EXERCISE PROMPT:
An exact copy of every entry is required, without the pictures.

-*-*-

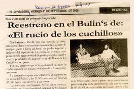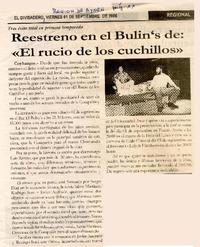 Reestreno en el Bulin´s de: "El rucio de los cuchillos" [artículo].
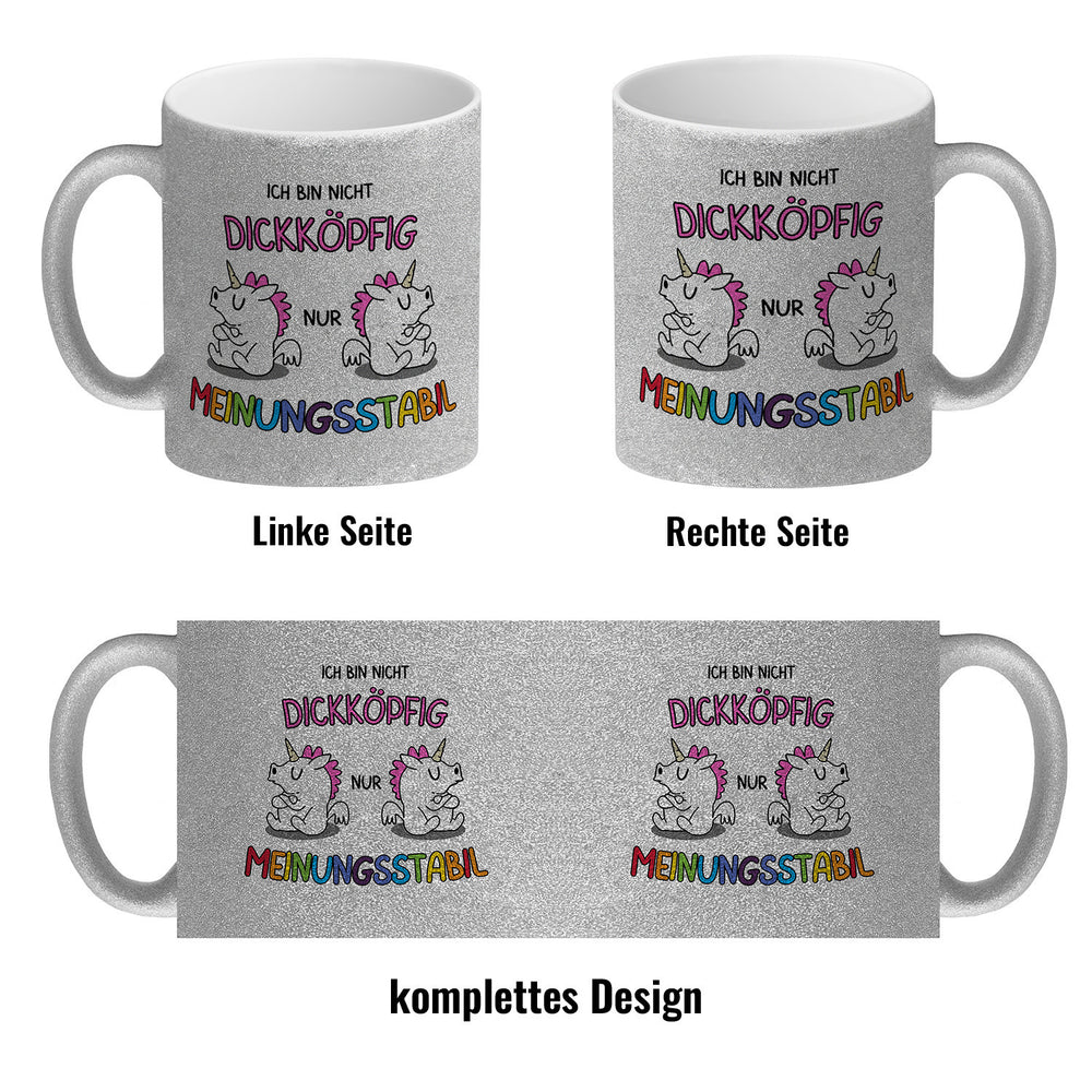 Einhorn-Liebhaber aufgepasst! Mit diesem witzigen Kaffeebecher triffst du garantiert ins Schwarze. Der Becher ist eine perfekte Geschenkidee für alle Einhorn-Fans und besonders zum Geburtstag ein Highlight. Der Spruch „Ich bin nicht dickköpfig, nur meinungsstabil“ bringt jeden zum Schmunzeln und ist eine tolle Erinnerung an deine Meinungsstärke. Unser Einhorn-Kaffeebecher ist in verschiedenen Varianten erhältlich: Als weiße Standardtasse, mit farbigem Henkel und Innenseite, als edle Glastasse oder in der exklusiven Silberedition mit Glitzereffekt. Jede Tasse wird mit viel Liebe zum Detail in unserer Tassen-Manufaktur hergestellt. Greif jetzt zu und schenke deinen Lieben einen Kaffeebecher mit Einhorn-Motiv, der an die Wichtigkeit des Ausdrucks persönlicher Meinungen erinnert!
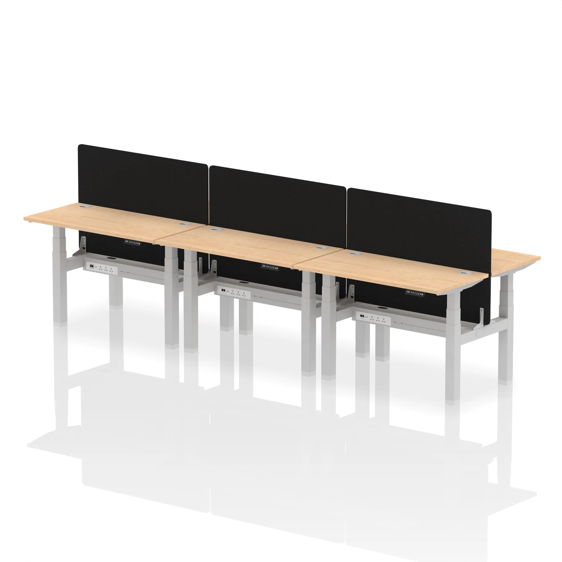 Air Back-to-Back Slimline Height Adjustable Bench Desk – 6 Person with Black Straight Screen
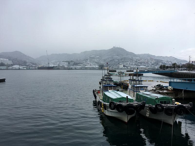 【雪の積もった長崎の港】
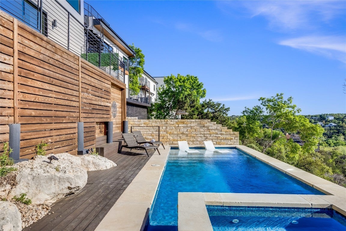 Nestled in the serene enclave of Apache Shores, Firefly Canyon is a breathtaking modern retreat offering panoramic views and a coveted setting backing onto Apache Shores Lake, a tranquil, creek-fed oasis. This stunning home boasts five spacious bedrooms and four luxurious bathrooms, designed with an open-concept layout that seamlessly blends style and functionality. The chef’s kitchen features high-end stainless steel appliances, expansive quartz countertops, a waterfall island, and sleek European-inspired cabinetry. The generous dining area is framed by elegant sliding glass doors, opening onto a sprawling outdoor patio that invites effortless indoor-outdoor living. Designed for both relaxation and entertaining, this home offers a private rooftop deck, a cozy fire pit, and a heatable pool and spa—all set against the backdrop of breathtaking lake views. The primary suite is a true retreat, featuring a private balcony and a spa-inspired bathroom. Perfectly situated just 10 minutes from Lakeway and 20 minutes from downtown Austin, Firefly Canyon balances privacy with convenience. Its prime location and luxurious amenities make it an outstanding investment opportunity, offering top-tier rental potential year-round in Austin’s thriving vacation market. With easy access to Lady Bird Lake, Lake Travis, top-ranked schools, medical facilities, scenic hiking trails, and premier shopping and dining, this exceptional property delivers an unparalleled lifestyle in one of Austin’s most sought-after communities.

-*-*-

ANSWER TO THIS TASK:
 Reestreno en el Bulin´s de: "El rucio de los cuchillos" [artículo].
 Einhorn-Liebhaber aufgepasst! Mit diesem witzigen Kaffeebecher triffst du garantiert ins Schwarze. Der Becher ist eine perfekte Geschenkidee für alle Einhorn-Fans und besonders zum Geburtstag ein Highlight. Der Spruch „Ich bin nicht dickköpfig, nur meinungsstabil“ bringt jeden zum Schmunzeln und ist eine tolle Erinnerung an deine Meinungsstärke. Unser Einhorn-Kaffeebecher ist in verschiedenen Varianten erhältlich: Als weiße Standardtasse, mit farbigem Henkel und Innenseite, als edle Glastasse oder in der exklusiven Silberedition mit Glitzereffekt. Jede Tasse wird mit viel Liebe zum Detail in unserer Tassen-Manufaktur hergestellt. Greif jetzt zu und schenke deinen Lieben einen Kaffeebecher mit Einhorn-Motiv, der an die Wichtigkeit des Ausdrucks persönlicher Meinungen erinnert!
 Air Back-to-Back Slimline Height Adjustable Bench Desk – 6 Person with Black Straight Screen
 【雪の積もった長崎の港】
 Nestled in the serene enclave of Apache Shores, Firefly Canyon is a breathtaking modern retreat offering panoramic views and a coveted setting backing onto Apache Shores Lake, a tranquil, creek-fed oasis. This stunning home boasts five spacious bedrooms and four luxurious bathrooms, designed with an open-concept layout that seamlessly blends style and functionality. The chef’s kitchen features high-end stainless steel appliances, expansive quartz countertops, a waterfall island, and sleek European-inspired cabinetry. The generous dining area is framed by elegant sliding glass doors, opening onto a sprawling outdoor patio that invites effortless indoor-outdoor living. Designed for both relaxation and entertaining, this home offers a private rooftop deck, a cozy fire pit, and a heatable pool and spa—all set against the backdrop of breathtaking lake views. The primary suite is a true retreat, featuring a private balcony and a spa-inspired bathroom. Perfectly situated just 10 minutes from Lakeway and 20 minutes from downtown Austin, Firefly Canyon balances privacy with convenience. Its prime location and luxurious amenities make it an outstanding investment opportunity, offering top-tier rental potential year-round in Austin’s thriving vacation market. With easy access to Lady Bird Lake, Lake Travis, top-ranked schools, medical facilities, scenic hiking trails, and premier shopping and dining, this exceptional property delivers an unparalleled lifestyle in one of Austin’s most sought-after communities.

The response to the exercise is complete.